My year-round work with Heron Tree is in PR/social media. I post on our Facebook page twice a week to help promote each newly published poem, and I work with outlets like New Pages and the CRWROPPS-listserv to promote our reading periods.

This week, I fulfilled another role. We publish our print edition in the early fall, collecting poems published on a roughly academic year calendar (2014 - 2015 this go-round). I spent a few days reading and re-reading all of the poems that will make up our third edition, and I "ordered" the poems into a rough draft. Next week, we three editors will meet to iron out what will become our latest print annual.

** Blurbing
In the past few weeks, I've been working on a blurb. Whenever I'm able, I try to say "yes" when asked to blurb a collection, perhaps out of a sense of paying it forward for all those who blurbed my work. When setting out to write a few sentences that will capture the essence of a collection, I read the work twice. On the first round, I read the book, cover to cover, rather quickly, only stopping to jot down big-picture themes. Next, and after at least a day has passed, I read much more slowly, often over several days, sinking into each poem with an eye for lines that stand out as representative of the larger themes. I dog ear these poems, and when I'm finished with the second read, I turn to writing the blurb, where I incorporate the themes with specific quotes to support my claims. Finally, I send the draft to the poet and ask for any revision suggestions. I'm serious. I don't ever want to misrepresent a collection or fail to capture a theme the poet thought necessary for future readers. I'm also fully aware that the press might cut my blurb at any time. This is life.
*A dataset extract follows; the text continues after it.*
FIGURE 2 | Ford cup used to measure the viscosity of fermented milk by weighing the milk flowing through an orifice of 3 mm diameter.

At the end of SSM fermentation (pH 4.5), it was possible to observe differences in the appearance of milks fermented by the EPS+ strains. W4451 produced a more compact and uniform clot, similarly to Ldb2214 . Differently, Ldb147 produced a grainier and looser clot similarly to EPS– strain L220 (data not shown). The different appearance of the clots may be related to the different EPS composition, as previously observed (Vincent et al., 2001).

Being asked to write a blurb is an honor, and a gift, as I get to read a book well before its publication date. This most recent work has been with John McCarthy's Ghost County, slated for publication by Midwestern Gothic Press in 2016.  Y'all can just add this title to your "to-read" list now, FYI.

** Conference follow-up
In June, I attended the North American Review Bicentennial Conference at the University of Northern Iowa. That conference was two and a half days of non-stop poetry & writing extravaganza. I attended several remarkable panels on creative writing pedagogy, as well as getting to hear some wonderful readings. While in attendance, I was my normal, frantic note-taker self, filling up page after page of my journal.
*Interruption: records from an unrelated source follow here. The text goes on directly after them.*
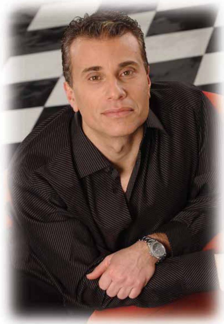
Michael Landsberg, Host of TSN's Off the Record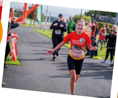
May 24 th /25 th – Edinburgh Marathon Festival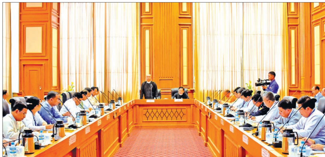
Pyidaungsu Hluttaw Speaker Mahn Win Khaing Than delivers the speech at the meeting on maintenance of Hluttaw buildings in Nay Pyi Taw yesterday.

THE central committee and working committees for maintenance of Hluttaw buildings, held a coordination meeting regarding maintenance of electrical, multimedia and communications systems and fire safety. The meeting was held inside the Zabuthiri Hall of the Hluttaw Building in Nay Pyi Taw yesterday.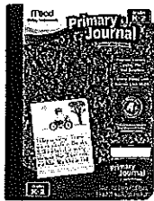
Mead primary Journal

A $15.00 instructional fee will be due on the day of Meet the Teacher. This fee is to cover instructional materials such as consumable workbooks, etc. that your child will use throughout the year.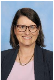
Assistant Principal Staff Development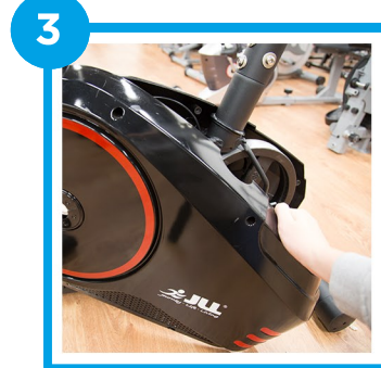
Remove either one or both sides of the casing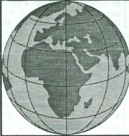
The Plastic Candy Dispenser Newsletter

The course was based on the premise that whatever man creates — be it art, architecture, music, dance, religion, technology or even PEZ reflects something about the society in which it is created. Students applied the concept to the civi-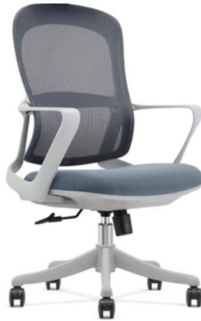
MOBOX - GREY

Finally, today, I went through all of those notes and collected the pedagogy suggestions and exercises into one Word document that I can email to myself at school. I followed up with emails to a few presenters, asking for more information or simply continuing the conversation (oh, the joys of email's convenience). I took any writing inspirations and re-wrote them in my current journal, as the one from the conference was full in June. I also took the time to look up specific poems and essays suggested by presenters / readers. Now I see that I need to do this more promptly following such a great event, as a few of my notes had lost their meaning in the month's expanse since I'd jotted them down.

** Post-publication award for my new book
On tap for my next non-drafting work is to review a list of post-publication award opportunities for The Alchemy of My Mortal Form. Trio House has already made certain selections and we've worked out who will do what to get the book submitted. However, I love to make an Excel spreadsheet any time I can (it must be the accounting genes I get from my mom and my sister), and I want to be sure I haven't missed a golden opportunity. Note: Trio House has been wonderful and supportive about getting the book out to these awards, but I also know that a small press has a limit on the number of copies and the award fees it can allocate to any given title. I'm happy to pick up the extras for important possibilities.
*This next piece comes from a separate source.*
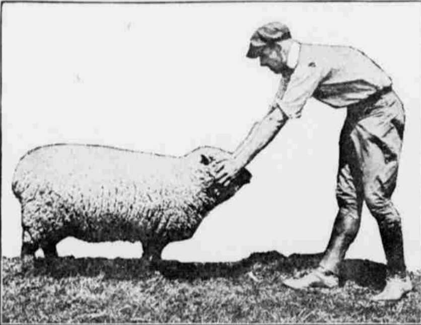
DRAGGING A SHEEP—WRONG WAY.

(Prepared by the United States Department of Agriculture.) These two photographs show the wrong way and the right way to move a sheep—especially fat sheep. The sheep has a delicate frame and its skin is sensitive. Rough handling, therefore, particularly in caring for breeding animals, may do serious harm.

What I notice, when I look at this list of work is how much a part of a community I've become. Some of this work might not pertain to folks who don't teach, but most of it centers on being an active poet in the publishing world. No, none of these activities are required to be a writer; however, for me, all of these activities help me. They help me become a better writer, of course, but they also help me become a better reader. In the end, though, they mostly help me feel not so alone, given that most of my drafting work happens in solitary focus on the page, which can drain my energy stores.

I hope this helps shed some light on what I do with my "poetry time" even when I'm not drafting. (And I've just realized that there isn't anything listed here about the collections I've been reading lately...but that's a whole other post entirely.)

Until next time...

Wednesday, July 8, 2015

Reading Aloud While Drafting: Just Do It

83º ~ feels like 91º ~ a looming brown-gray sky, yet the storms hover northward, gusts torment the trees from time to time, breaking out of gentle breezes

Today, rather than give a detailed account of my drafting process, I want to talk about the importance of reading aloud during drafting. I've said it before, and I'll say it again; poetry is oral / aural. In the best case, we would hear each poem via the poet's own voice, either in person or on a recording. The next best case is to read poems aloud as we encounter them on our own. In the worst case, when we read poems silently, we still should "hear" them in our heads, which means a slight difference from reading prose to ourselves. After all, the poet has taken pains to represent how a poem should sound based on word choice, line breaks, stanza breaks, and other typographical choices.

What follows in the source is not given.